At the beginning of the week, Rachel Maddow reported on a small change in FCC filing procedures that’s put up online public records of election advertising. Those were previously only accessible in physical form and piecemeal spread out across several locations. While this does reduce the difficulty for the average person to access vital information, it’s not by much. Say, for instance, you’re interested in seeing what groups have purchased advertising advocating against the proposed labeling of genetically modified products in California – searching for ad buys across the entire state requires a state code that’s not listed on the “transparency” website. Even if you want to electronically go through the major media markets in the state, many stations haven’t bothered to list their political advertising, or incompletely list that an unspecified amount of time was purchase for an unspecified amount of money by mostly unspecified donors to the official anti-labeling fund.

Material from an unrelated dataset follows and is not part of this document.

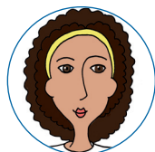
hnědá 30-40 minut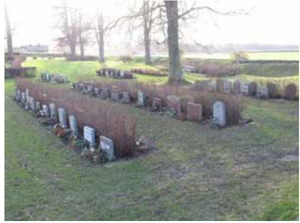
Översikt över kvarter 12, urngravskvarteret, från norr (KI Dörby kyrkog 112)

With such spotting records of how the opponents to this public proposition (number 37 on the ballot this fall) have spent their funds, it makes more sense to look at their overall total “war chest” – which the California Secretary of State is obligated to make available online. Of course, the average person is going to simply look in those files under general information, which misleadingly only lists the total contributions as of June 30, 2012, creating the impression that only slightly more than a million dollars has been donated to this campaign. Oddly enough, the same general information section also specifies the subtotal of those funds raised in the previous three months, because that’s truly key information.

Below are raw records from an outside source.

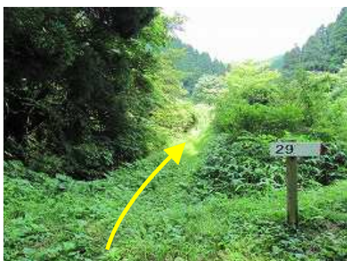
記念碑から水路側へ踏み入る。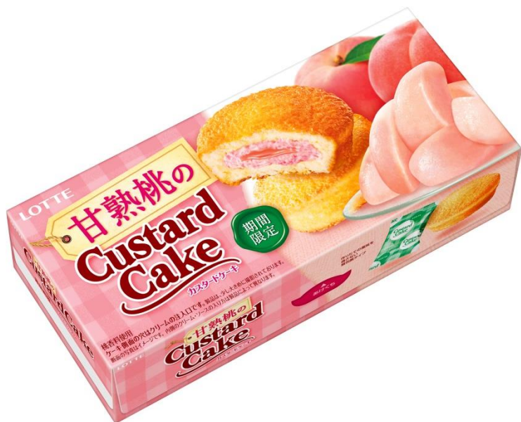
ふんわりカスタードケーキ

株式会社ロッテは1月28日(火)に、「カスタードケーキ」シリーズから春季限定の「甘熟桃のカスタードケーキ」を発売いたします。桃果汁を使用した、甘く熟れた桃の味わいをお楽しみください。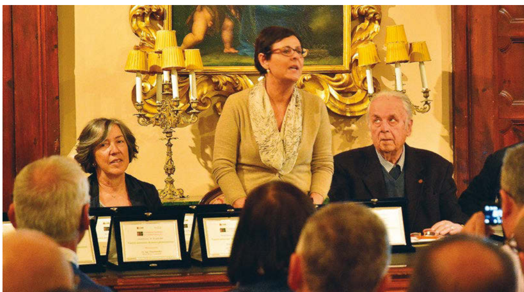
▲ Un momento del Convegno tecnico della Rassegna, Ascoli Piceno 23 Aprile 2016.

Sulla base delle analisi statistiche (cluster analysis) effettuate da Massimiliano Magli dell'IBIMET CNR di Bologna, applicate su tutti i campioni ammessi alla rassegna negli anni 2006-2016 con un punteggio al Panel test maggiore o uguale a 7, sono state definite 6 tipologie sensoriali che consentono di semplificare il variegato mondo di profumi e sapori degli oli italiani; nonostante ciascun monovarietale abbia delle sue specifiche peculiarità, la semplificazione consente di andare incontro alle esigenze degli chef che nelle loro creazioni gastronomiche vanno alla ricerca di una determinata tipologia di olio su un piatto specifico, ma anche dei consumatori più attenti ed esigenti, curiosi di scoprire sensazioni particolari, in base alle proprie preferenze e alla possibilità di abbinare l'olio tipico al piatto/prodotto tipico, con una attenzione crescente agli aspetti nutrizionali e salutistici. Le tipologie vanno da oli più delicati e man-

If a reader were to dig deeper, however, they might notice that the “Contributions Received” subsection strangely lists donations during the first half of the year and the month of July, with the additional information of what company or individual donated but without a helpful total (so grab a calculator if you really want to know). Additionally confusing, however, is that the section for “Late and $5000+ Contributions Received,” which seems like a narrow category is actually the most complete list, containing all contributions of more than $5000 and all contributions following the later end of July cut-off date. It still fails to provide any sort of tabulation of the overall amount donated into this fund – so again hopefully you’re quite good with sums.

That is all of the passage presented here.